▶ [THE PROBLEM]: From the records below, count the lines containing the word "Kněžpole" and give only that number.

────────────────

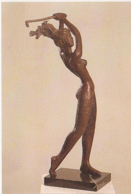
JUGADORA DE GOLF (58 x 20 x 12)

El bronce asegura la firmeza permanente a través del tiempo. Esta es la gran clave ofrecida por la escultora Maite Defruc, en posesión definitiva de la compleja técnica de la cera perdida , que tanta precisión artesanal exige al artista.
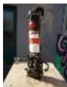
Clown , 2010 Holz, Metall, Acryl Limit: 350,- Euro
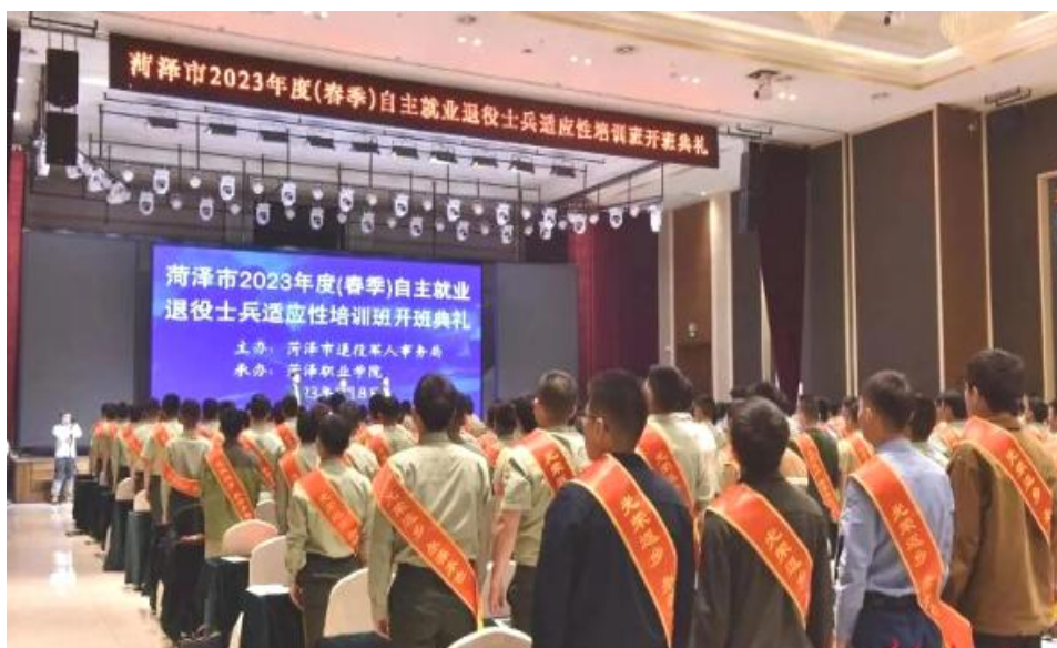
图 23：菏泽市退役士兵适应性培训开班仪式

向全市集中，整合培训规模，统一培训标准，全方位提升了培训质量。二是开发线上培训平台，努力做到适应性培训参训率百分百。学校开发了退役军人线上培训平台，做到线上线下相结合，对学员的学习情况进行实时监督，达到全员参与的目的。三是精准匹配环节，搭键就业桥梁，实现退役军人就业零距离。每期培训都举办成规模的现场企业推介会和招聘会，较好地实现了为退役军人提供高质量用工岗位的愿望，做到了退役军人就业、应聘“零距离”，在培训的同时直通就业。
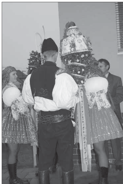
Stárce před domem stárky se svými právy. Kněžpole 2007.

Kněžpole je obcí, kde se slaví hody čtvrtou nedělí v říjnu, tzv. hody republikánské okolo data vzniku Československé republiky. Současné Slovácké hody s právem začínají v sobotu odpoledne, kdy se svítí práva v kapli sv. Anny, a pokud jsou v obci zvoleni stárce, jde se pro mladší a starší stárky. Hodový průvod v čele se stárky jde pro povolení na obec. Starší stárek nese právo ve tvaru krátké panenky se sporou výzdobou barevných umělých kvítků a krušpánku, nahoře s červeným jablkem. Zbytek šavle až po rukojeť je ověšený krušpánkem s drobnými barevnými kvítečky s omotanou trikolórou, od rukojeti volně spadají široké stuhy. Malé právo má tvar májky z hustého krušpánku posetého drobnými barevnými kvítky a je vertikálně omotané úzkou trikolórou. Od rukojeti visí řada širokých stuh. Večer na taneční zábavě tančí kněžpolská chasa Moravskou besedu . V neděli pokračují hody obchůzkou krojovaných, kteří vozí berana po obci. Za dva týdny po hodech se konají babské hody s právem , kdy ženy jsou převlečené za muže a muži za ženy a v doprovodu harmonikáře obcházejí obec. Obchůzka končí taneční zábavou.
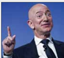
اخراج کارمندان آمازون توسط هوش مصنوعی
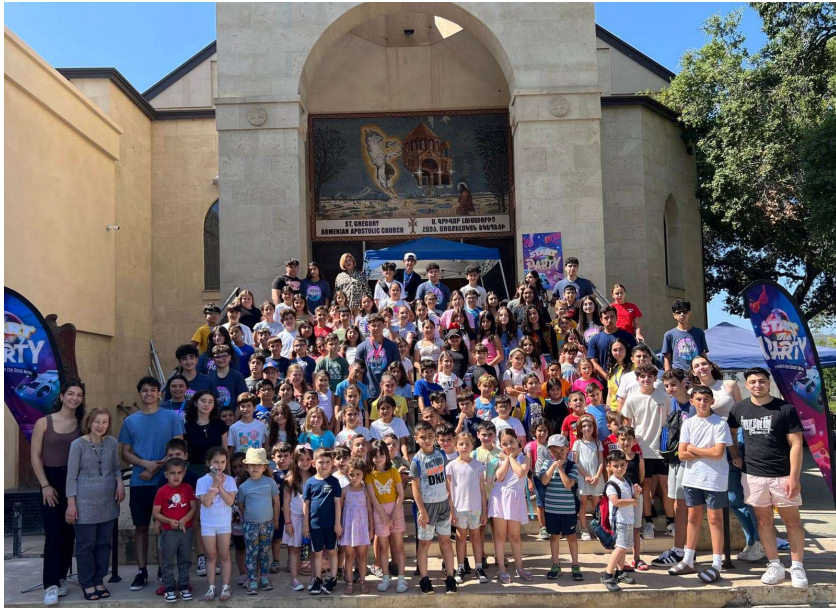
St. Gregory's "Vacation Bible School" June 24 – 28, 2024
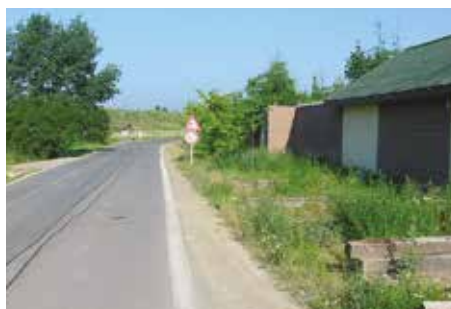
Formanská, Kateřinky – 2006

V dnešním čísle zpravodaje pokračujeme v představování míst z naší městské části, která v posledních letech dožila velkých změn.
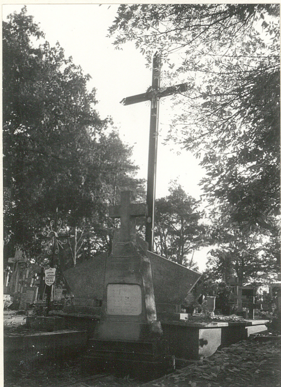
Fot. 3 - Krzyż cmentarny
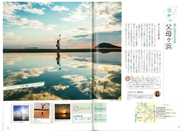
「奇跡に出会う、日本の新絶景」 表紙・巻頭・内面特集
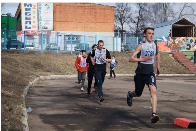
Бег на 3000 м.
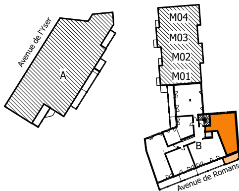
TABLEAU DES SURFACES (compris placards)
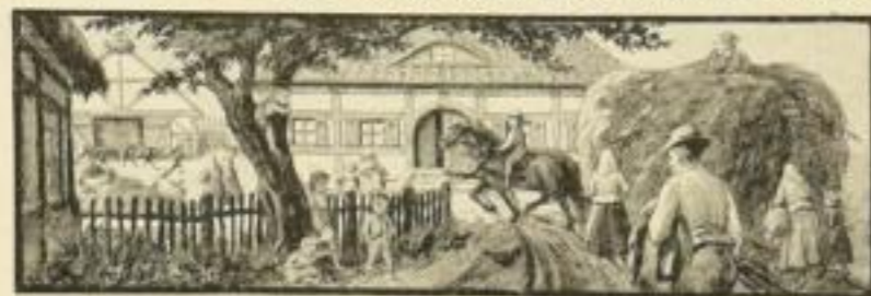
Schäferhaus von Wenzel. Fackelzug von Wenzel. Verlag (Mag. Oskar Preuss) Straßburg 1914.

Nicht in mühelosem Genusse betrachtet er die Bilder, die ihm die Natur entgegenhält. An jedem Blick knüpft sich ein Wunsch, an jedem Eindruck ein Vorsatz. Jedes Ding hat für ihn einen Zweck, denn alles, das fruchtbar wird, das Tier und der Mensch soll nützlich hervorbringen nach seinem Willen. Seine Tätigkeit ist ewig, wie das Leben der Erde. Ihm wird die höchste Freude des Schaffens zuteil, denn was sein Befehl von der Natur fordert: Pflanze und Tier, das wächst unter seiner Hand zu eigenem frohen Leben empor.
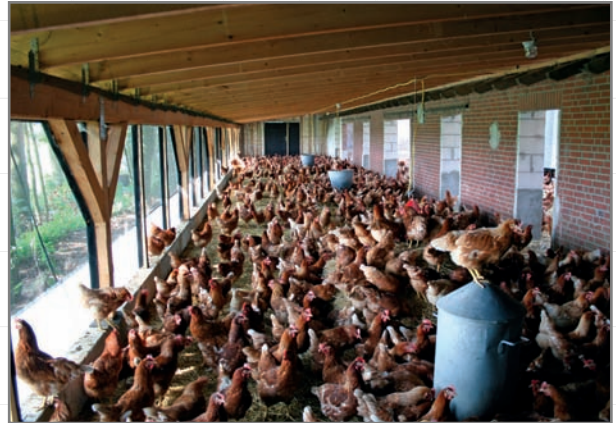
Wintergarten für Legehennen – Innenansicht
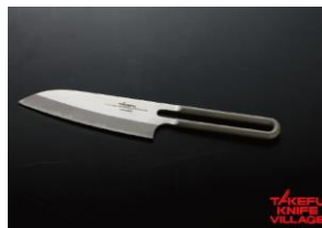
川崎和男デザイン 【クレウス13】小三徳130mm

────────────────

▶ [EXPECTED ANSWER]: 2